There’s no doubt exchange traded funds (ETFs) are shaking up the wealth industry across the world, including Australia, and, as such have naturally attracted their fair share of friends and detractors in the process.  As a relatively new product in Australia, it’s also understandable that many investors are still learning to sort through the many claims and counter-claims made about ETF investing.  To help in this regard, I have taken the time to outline my response to some of the most common ETF questions and concerns that have been raised with me by investors over the past few years. The first part of the post deals with ETF liquidity. I’ll follow up next week with Part 2 which deals with the claims that ETFs are complex and risky and that they may be responsible for causing a bubble in sharemarkets (spoiler alert: they aren’t and they aren’t)!

Fiction: ETFs are illiquid

Questions about ETF liquidity are probably the most common questions I have received over the years.  This concern principally stems from the fact that the amount of ETF units showing for bid and offer on online share trading screens at any point in time may not seem particularly large and some ETFs don’t seem to trade that often (for example when looking at daily value of units traded on share tables and in the newspaper).

The misconception arises, however, because these widely viewed measures of “on-screen” liquidity – which measure the ready availability of buyers and sellers in the market – are really only relevant in the case of securities with fixed supply, such as listed investment companies and individual stocks.  In the case of ETFs, these measures are less relevant as they don’t capture the far deeper levels of “off-screen” liquidity available – as ETF market makers effectively stand ready to buy or sell much larger quantities (i.e. adjust supply) at prices very close to net-asset value (NAV).

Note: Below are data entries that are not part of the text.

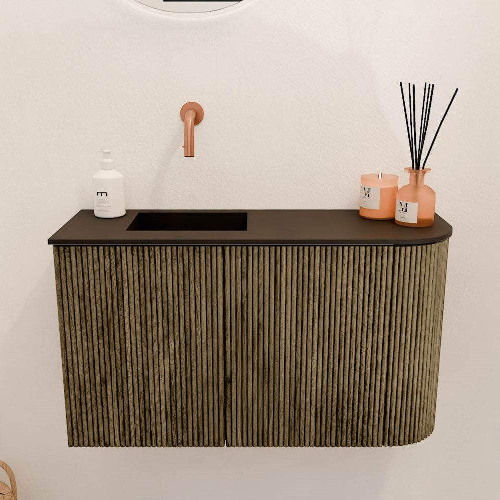 Geef jouw toiletruimte een stijlvolle en luxe uitstraling met het JOYA toiletmeubel van Mondiaz. Dit prachtige meubel is gemaakt van massief eikenhout en eiken fineer, wat zorgt voor een natuurlijke look en een hoogwaardige kwaliteit. Het unieke design met verticale ribbels maakt dit meubel een echte blikvanger in elk interieur.
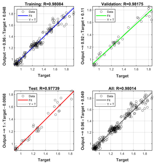 The regression plots of the average of fifty runs for training, validation, testing, and all data are given in Figure 15. It can be seen from the figures that the average regression coefficient, R, is 0.981 for training data, and the average R for validation, testing, and all data are 0.982, 0.977, and 0.980, respectively, which indicates a strong correlation and high performance.
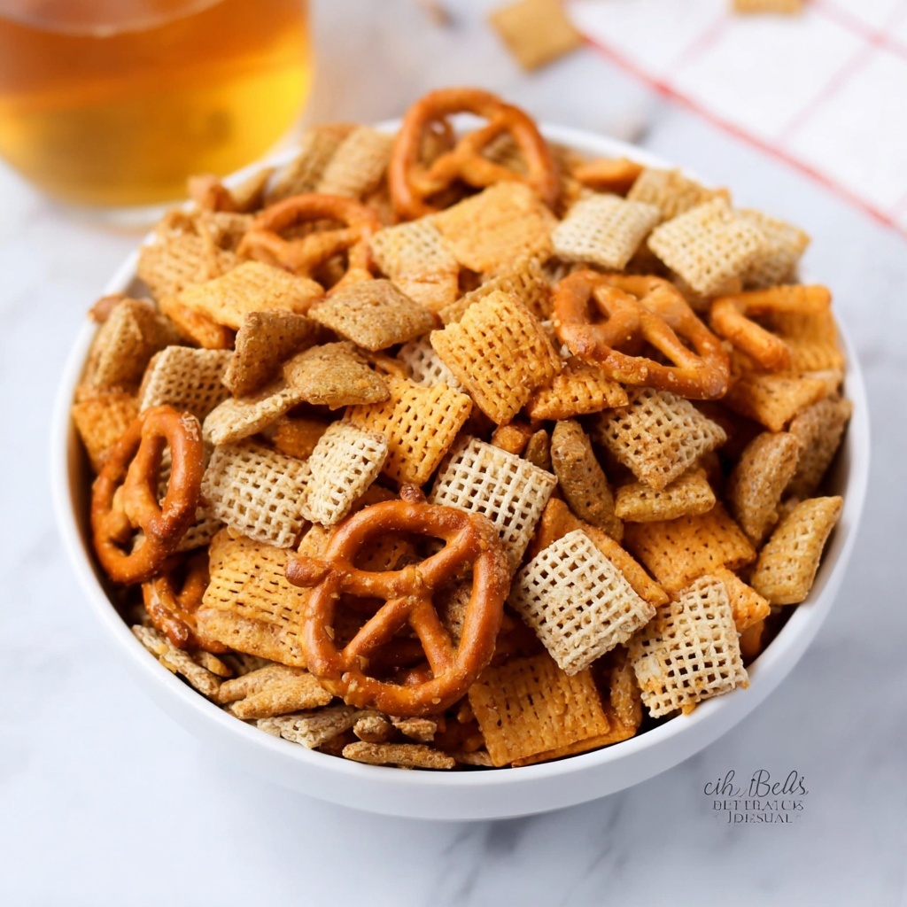 - Combine Dry Ingredients: Preheat the oven to 250°F. In a large bowl, add the Rice Chex, Corn Chex, pretzels, Cheez-Its, and bagel chips. Use a wooden spoon to gently stir and combine all the dry ingredients evenly.
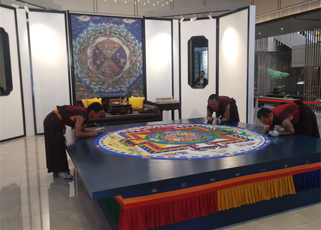 在活動(dòng)現(xiàn)場(chǎng),壇城沙畫的現(xiàn)場(chǎng)制作格外引人注目?!耙簧骋皇澜?,一葉一菩提”——壇城沙畫的過程仿佛一場(chǎng)視覺的盛宴。據(jù)了解,壇城是指對(duì)一座宮殿一個(gè)世界的泛義,用珍貴珊瑚、瑪瑙、綠松石等礦物質(zhì)研磨成粉,落沙即成畫,畫面立體生動(dòng),壇城展示了高度的藝術(shù)魅力和視覺觀感。
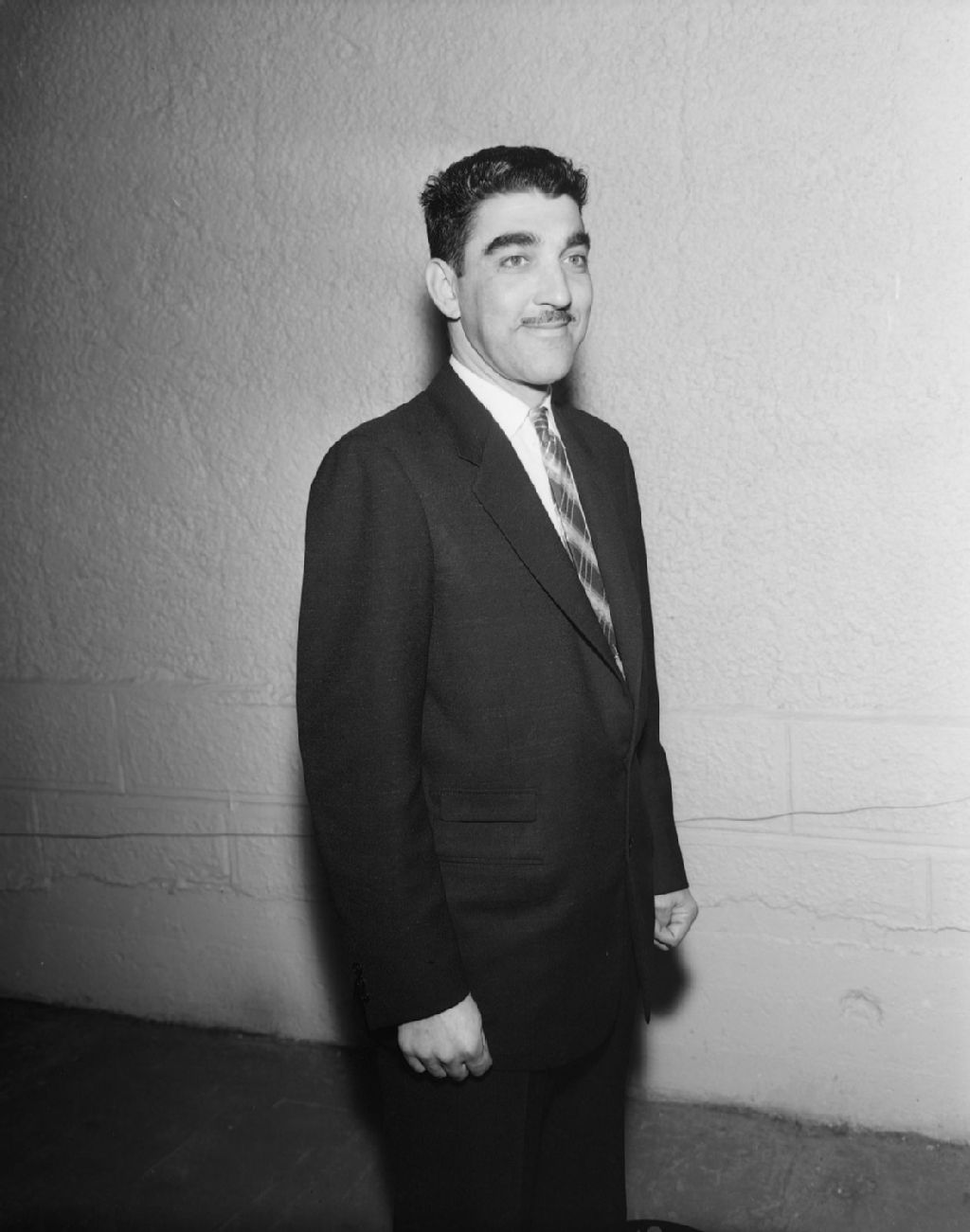 Annonceur de radio, 1950, Archives nationales à Montréal, Fonds Conrad Poirier, (06M,P48,S1,P23665), Poirier, Conrad.
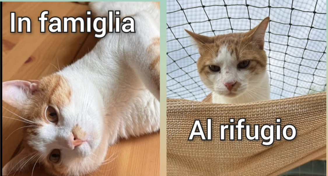 Lui una casa ce l’aveva ma la sua precedente famiglia ha dovuto rinunciare a lui per gravi motivi. Ora vive in un rifugio, amato e coccolato, ma un rifugio, per quanto le volontarie cerchino di riempire le giornate dei mici e siano meravigliose, è comunque un luogo non adatto a lui, che ha conosciuto il calore di abbracci, notti sotto le coperte con la sua mamma e grattini sul divano. Il micio è sofferente e triste, si aggrappa a ogni piccola carezza che riesce a strappare alle tate.

The detailed mechanics behind this process are more fully explained here and here  but suffice to say the main take-away for investors is that the liquidity of an ETF goes significantly beyond ‘on-screen’ liquidity and should be at least as much as the liquidity available in the underlying holdings (so, for example, in our Nasdaq 100 ETF, the underlying liquidity of the shares making up the Nasdsaq 100 Index). As such, it should usually be possible to buy and sell sufficient quantities of an ETF at prices quite close to NAV through the trading day – irrespective of the amount currently on offer or the amount traded in recent days.  A tell-tale sign of good underlying liquidity for an ETF are quite tight bid-offer spreads and prices trading reasonably close to NAV over time.

Of course, it is true that a growing band of relatively niche ETFs are springing up across global markets, and the underlying liquidity of the assets they hold may not be very high (e.g. small gold exploration stocks).  But this is a challenge specific to these particular ETFs, rather than ETFs in general. As always, it’s a case of buyer beware.

Fiction: ETF liquidity will be withdrawn in times of crisis

A related concern is that while market makers may be ready to buy or sell ETFs during normal trading times, they may retreat to the sidelines in times of crisis.  In other words, the concern from investors is that, just when they need it most, liquidity could simply evaporate. The truth is that there is no reason to think that liquidity of ETFs during such crises should be any worse than liquidity in other investments (such as shares and managed funds).

The first point to note is that shares and managed funds may behave abnormally in abnormal times – it is unfair to single out ETFs.  A lack of buyers in times of crisis, for example, can cause the price of individual shares to fall- until such time as reluctant buyers are drawn into the market. Unlisted managed funds may also experience a surge in investor redemptions – which can and has caused many funds in the past to sell their holdings at bargain-basement prices or even halt redemptions for unitholders altogether.

In the case of ETFs, there is no reason to suggest that, during a crisis, the ETF market-makers would “disappear from the screens”. It is important to note that these players are contractually appointed by the ETF issuer to provide market-maker services and have no motivation to “flee the scene” if the going gets tough. This is because market-makers are compensated by the volume of trading they do, and are typically indifferent to market movements. It is important to understand that market-makers benefit from increased levels of trading activity. As it is typically the case that trading activity rises during crisis events, market makers are, in many ways, more incentivised than ever to remain on the screen during these times.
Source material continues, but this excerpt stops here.